後半では、企業に「次世代に見せたいファッションの未来」を語ってもらい、学生からは「企業やブランドに期待すること・求めること」を聞いて、共に向かう未来について語り合った。(この記事はWWDジャパン2021年9月20日号からの抜粋に加筆をしています)
本田:団体に入りサステナについて発信してから、注目を集める機会が増えました。発信も、サステナブルな活動の一つですよね?サステナビリティについて学んでいる私たちでさえ、今回のような機会は貴重。知る機会が増えたら、って思います。
H&Mジャパン 山浦誉史サステナビリティ・コーディネーター(以下、山浦)私たちも学生と直接話し、ダイレクトな意見をいただけるとうれしいです。一緒に考えられる場所があるといいですね。
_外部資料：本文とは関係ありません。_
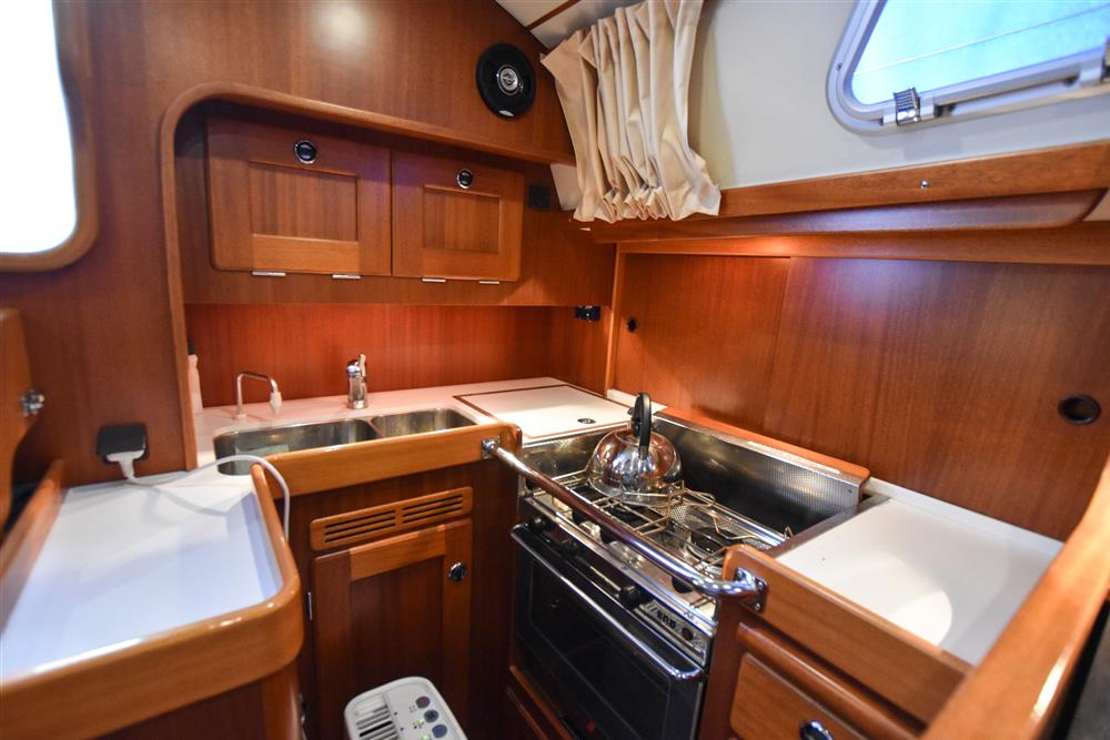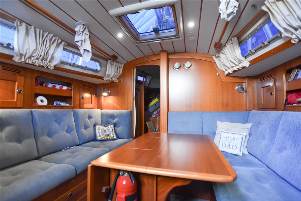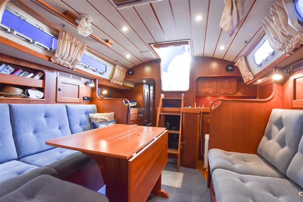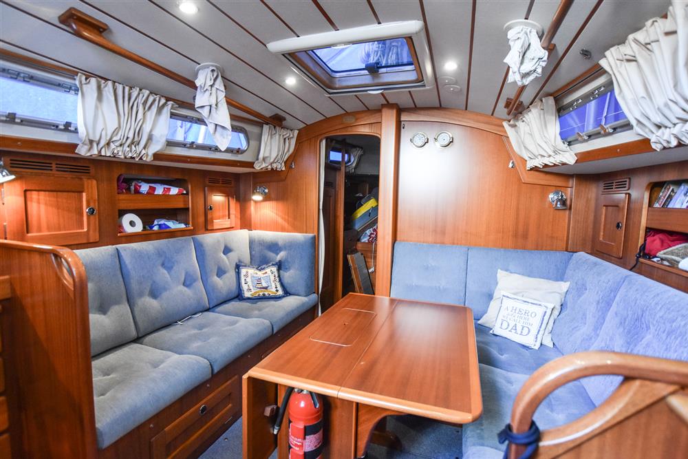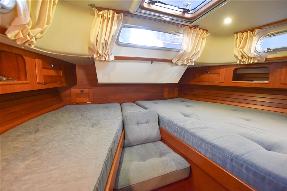 The Hallberg-Rassy 37 offers 6 comfortable berths, with two separate double sleeping cabins. The internal fit out is in a light mahogany with a matte silk finish. Varnished teak and holly floorboards. Up forward, there is a V-berth with an infill, to make a generous double. Good stowage provided by a hanging locker and lockers under the berths. Deck opening hatch. Stepping aft, the separate heads compartment is to starboard, comprising of a China wash basin with a pressurised hot & cold water supply. The tap pulls out to make a shower. Teak shower grating. Jabsco manual marine toilet with a stainless-steel holding tank. Opening port hole. Stepping in to the spacious saloon with a large L-shaped settee to starboard and a single settee berth opposite to port. Fixed, double drop leaf table to centre. Plenty of handy stowage around the saloon, provided by eye level lockers and shelving, as well as underneath and behind the seating. Good ventilation through the saloon with plenty of opening hatches. The U-shaped galley is located to port with excellent bracing for use at sea. Twin stainless-steel sinks with a pressurised hot & cold water supply. Reserve manual foot pump. Eno two burner gas hob with a grill and oven. Top opening refrigerator with an ice box. Opposite to starboard is the forward-facing chart table with the electrical distribution panel, navigation equipment and chart stowage. The large aft owner?s cabin is accessed down the starboard side with a hanging locker along the hull. There are two generous single berths to port and starboard, with a small seat in between. Good stowage again provided by handy lockers and separate hanging locker. Deck opening hatch. Blue upholstery. Cream curtains. Fitted blue carpets. Webasto diesel fired cabin heating.

WWDJAPAN(以下、WWD):藤田さんは、Z世代の社会人。企業として取り組むようになって、サステナビリティに対する考え方は変わりましたか?
ロンハーマン 藤田トラヴィス恭輔サステナビリティ実行部マネジャー(以下、藤田):企業の側に立って、次の世代、子どもたちの世代への責任感が増しました。責任の一環として、今は自社商品の生産背景を把握したいと思っています。まだ取り組めていない企業も多いのではないでしょうか?サプライチェーンは、複雑です。でも「何を作って、何を販売しているのか?」を知ることは、自分を知ること。それを可視化して、分かりやすく面白い形で発信することが大事だと思っています。
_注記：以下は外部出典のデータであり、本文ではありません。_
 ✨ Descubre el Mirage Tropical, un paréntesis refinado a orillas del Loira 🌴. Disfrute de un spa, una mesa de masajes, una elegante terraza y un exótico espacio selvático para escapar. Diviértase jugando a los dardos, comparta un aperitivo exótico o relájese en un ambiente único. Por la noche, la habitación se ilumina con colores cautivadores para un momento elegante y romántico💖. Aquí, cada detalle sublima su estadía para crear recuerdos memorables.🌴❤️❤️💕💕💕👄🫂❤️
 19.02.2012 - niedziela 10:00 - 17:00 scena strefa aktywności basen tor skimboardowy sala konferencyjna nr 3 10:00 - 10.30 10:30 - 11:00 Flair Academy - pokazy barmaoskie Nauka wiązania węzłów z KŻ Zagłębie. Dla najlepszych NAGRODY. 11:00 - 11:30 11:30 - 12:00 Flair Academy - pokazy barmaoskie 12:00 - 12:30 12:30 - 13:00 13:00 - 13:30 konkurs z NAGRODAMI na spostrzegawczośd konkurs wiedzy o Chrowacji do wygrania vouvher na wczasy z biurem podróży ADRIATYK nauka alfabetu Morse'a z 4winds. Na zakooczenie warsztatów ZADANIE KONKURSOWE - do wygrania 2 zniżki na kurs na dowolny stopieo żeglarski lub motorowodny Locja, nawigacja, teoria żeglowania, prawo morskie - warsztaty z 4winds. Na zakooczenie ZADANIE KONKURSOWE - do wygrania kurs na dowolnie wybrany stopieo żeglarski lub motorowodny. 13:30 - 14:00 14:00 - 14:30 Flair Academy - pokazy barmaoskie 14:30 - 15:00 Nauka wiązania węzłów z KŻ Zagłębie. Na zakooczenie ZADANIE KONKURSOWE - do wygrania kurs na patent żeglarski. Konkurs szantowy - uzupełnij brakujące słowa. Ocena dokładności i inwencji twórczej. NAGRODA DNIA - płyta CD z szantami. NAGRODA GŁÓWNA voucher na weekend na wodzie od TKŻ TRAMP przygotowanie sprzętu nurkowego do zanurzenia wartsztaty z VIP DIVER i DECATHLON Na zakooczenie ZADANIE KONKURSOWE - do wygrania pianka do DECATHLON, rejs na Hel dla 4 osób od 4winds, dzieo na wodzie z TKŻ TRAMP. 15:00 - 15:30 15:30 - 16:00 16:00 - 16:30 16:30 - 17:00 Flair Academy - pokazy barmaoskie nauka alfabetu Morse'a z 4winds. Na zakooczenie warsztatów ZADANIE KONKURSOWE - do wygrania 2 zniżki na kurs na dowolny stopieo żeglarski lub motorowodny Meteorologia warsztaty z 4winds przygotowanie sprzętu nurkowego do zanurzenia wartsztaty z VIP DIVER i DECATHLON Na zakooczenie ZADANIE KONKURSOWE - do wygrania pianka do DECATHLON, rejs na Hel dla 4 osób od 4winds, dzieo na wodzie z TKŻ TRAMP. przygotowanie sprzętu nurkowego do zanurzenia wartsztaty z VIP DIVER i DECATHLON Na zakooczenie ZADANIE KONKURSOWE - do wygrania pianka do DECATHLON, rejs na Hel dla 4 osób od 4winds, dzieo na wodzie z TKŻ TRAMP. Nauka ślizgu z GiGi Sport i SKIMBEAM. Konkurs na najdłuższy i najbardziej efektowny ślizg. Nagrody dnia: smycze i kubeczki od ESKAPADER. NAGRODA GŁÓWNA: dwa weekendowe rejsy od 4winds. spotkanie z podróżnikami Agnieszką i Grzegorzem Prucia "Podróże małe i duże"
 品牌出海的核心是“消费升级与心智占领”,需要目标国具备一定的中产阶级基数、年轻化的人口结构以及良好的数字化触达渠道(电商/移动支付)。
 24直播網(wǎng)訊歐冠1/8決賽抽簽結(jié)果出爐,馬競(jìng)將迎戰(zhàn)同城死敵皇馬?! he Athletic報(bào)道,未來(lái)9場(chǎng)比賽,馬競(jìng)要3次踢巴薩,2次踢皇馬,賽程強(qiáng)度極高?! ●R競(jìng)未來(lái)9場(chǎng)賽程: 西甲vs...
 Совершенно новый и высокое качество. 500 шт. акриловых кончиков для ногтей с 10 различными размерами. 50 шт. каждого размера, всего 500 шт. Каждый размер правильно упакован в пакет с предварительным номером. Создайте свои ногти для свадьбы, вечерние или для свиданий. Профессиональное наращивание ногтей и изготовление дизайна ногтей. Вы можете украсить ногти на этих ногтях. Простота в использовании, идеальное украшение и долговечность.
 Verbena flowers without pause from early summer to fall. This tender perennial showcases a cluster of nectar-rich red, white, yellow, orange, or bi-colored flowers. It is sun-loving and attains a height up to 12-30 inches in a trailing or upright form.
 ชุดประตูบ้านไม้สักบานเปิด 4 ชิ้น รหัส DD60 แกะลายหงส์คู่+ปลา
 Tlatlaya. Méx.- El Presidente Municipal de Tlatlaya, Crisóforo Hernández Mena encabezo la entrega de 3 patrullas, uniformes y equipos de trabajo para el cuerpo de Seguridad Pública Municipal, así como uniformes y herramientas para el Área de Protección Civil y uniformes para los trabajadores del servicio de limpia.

松本:僕含め友達の多くは最近、フリマアプリで洋服を買うことが多いです。自社の商品が2次流通で売られていることについてどう思いますか?
山浦:商品がどのような経緯をたどって売られているかが気になります。買ってすぐ転売されていると、やはりモヤっとすることはあります。ただ中古市場で売られるということは、商品が循環している証拠です。開発の段階で、リセールできる商品かどうかを基準にして耐久性・品質をチェックしています。
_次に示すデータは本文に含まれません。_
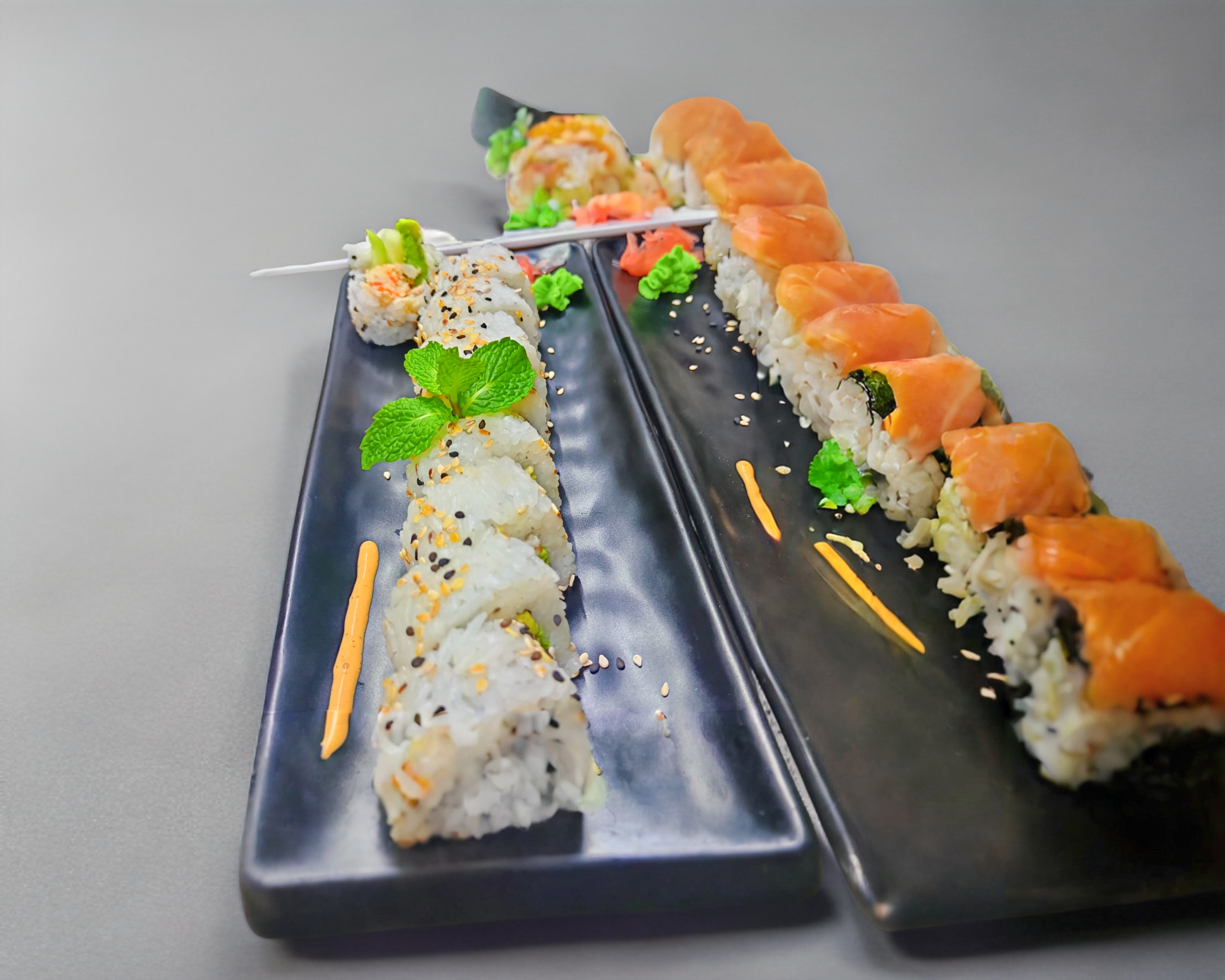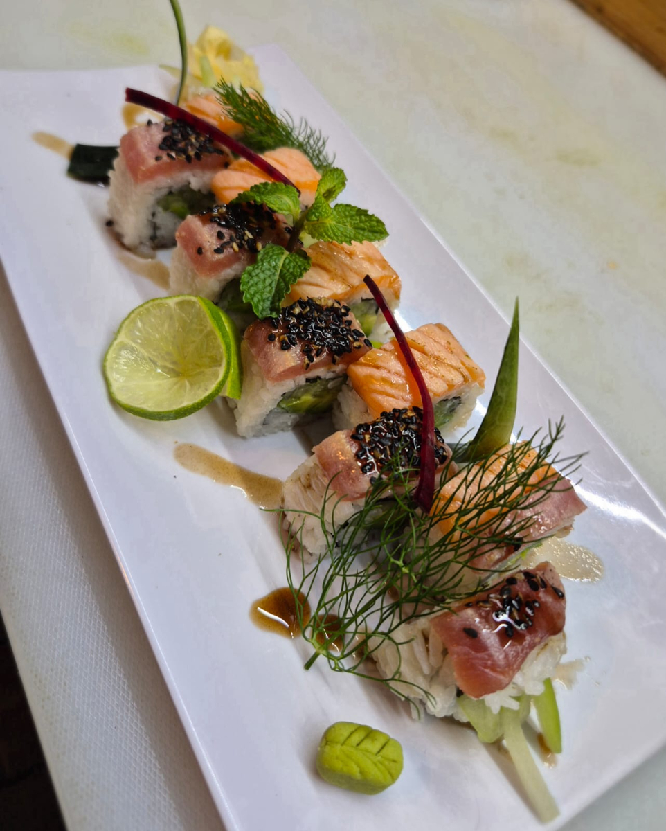 Adentro: pepino, aguacate. encima : atún flameado y salmón fresco, acompañado de jengibre curtido y wasabi
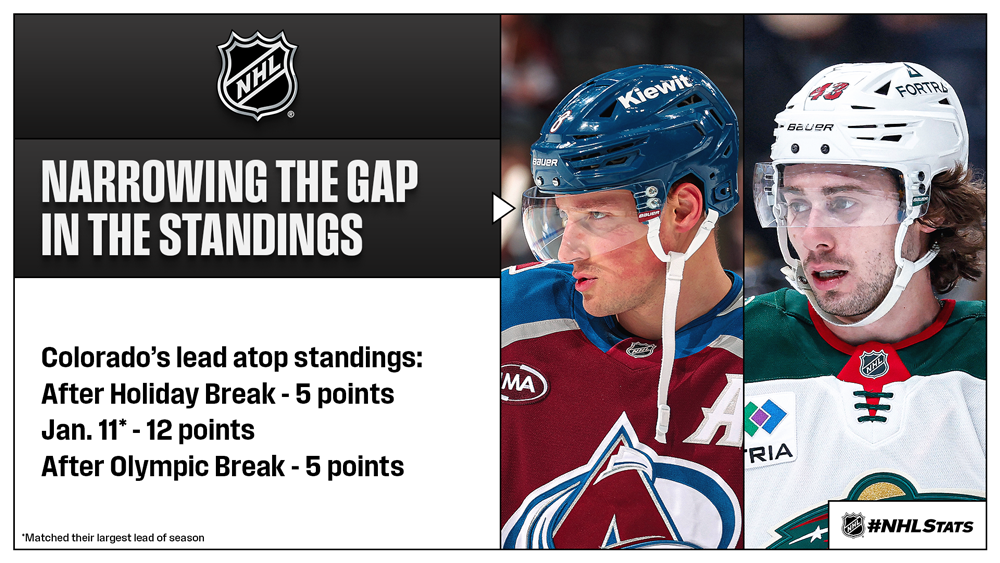 Why to Watch: In a contest that features nine medal winners (USA: 4, CAN: 3 & FIN: 2), the Wild sit within five points of the Avalanche for the No. 1 seed in the NHL, Western Conference and Central Division standings. The five-point advantage Colorado has over Minnesota (as well as CAR & TBL in the overall standings) is the closest any team has been to the Avalanche since the holiday break (DAL was 5 points back of COL on Dec. 23).
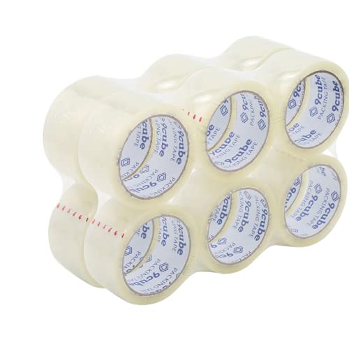 9 Cube - 12 Rolls Clear Packaging tape - Nastro adesivo resistente, resistente e sicuro per grandi pacchi e scatole. (48 MM x 66 m)
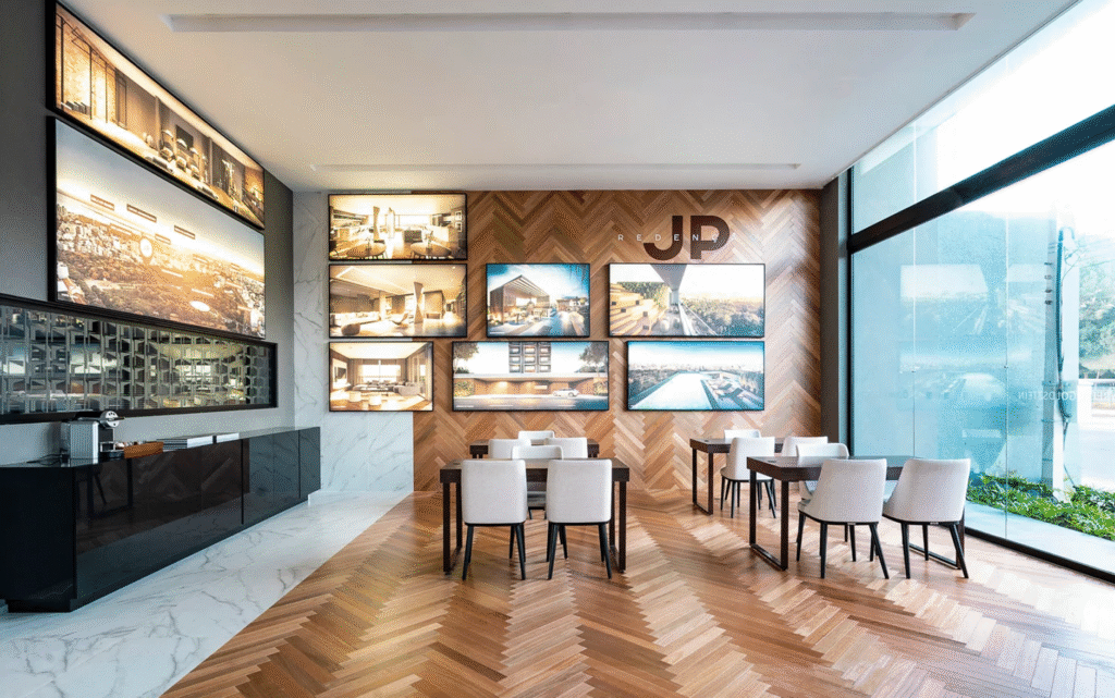 O projeto é marcado por linhas retas e um volume puro, com um plano envidraçado que convida a entrar e integra interior e exterior. Materiais com textura em mármore, madeira e espelho definem a identidade do espaço. Cores claras ampliam a luz natural e organizam uma atmosfera funcional. O lounge articula os ambientes com conforto e fluidez dentro de uma linguagem arquitetônica contemporânea.

藤田:「H&M」の山浦さんと同じく、転売目的だとブランド価値への影響もあるので、複雑な思いです。ただ、古着の需要の高さを考えると、ファッション業界でも自社の古着ビジネスを模索する企業が増えていくと思います。フリマアプリで売られるより、自分たちでリセールしてしまった方が明らかに効率的です。
山浦:皆さんは学生の中でも、ファッション感度も環境意識も高い人たちだと思いますが、サークル以外の場所でも友人らとサステナビリティについて話すことは多いんですか?
金森:僕の周りではほとんど話題になりません。僕の感覚では、女性の方がサステナビリティについて情報を敏感にキャッチしていると思います。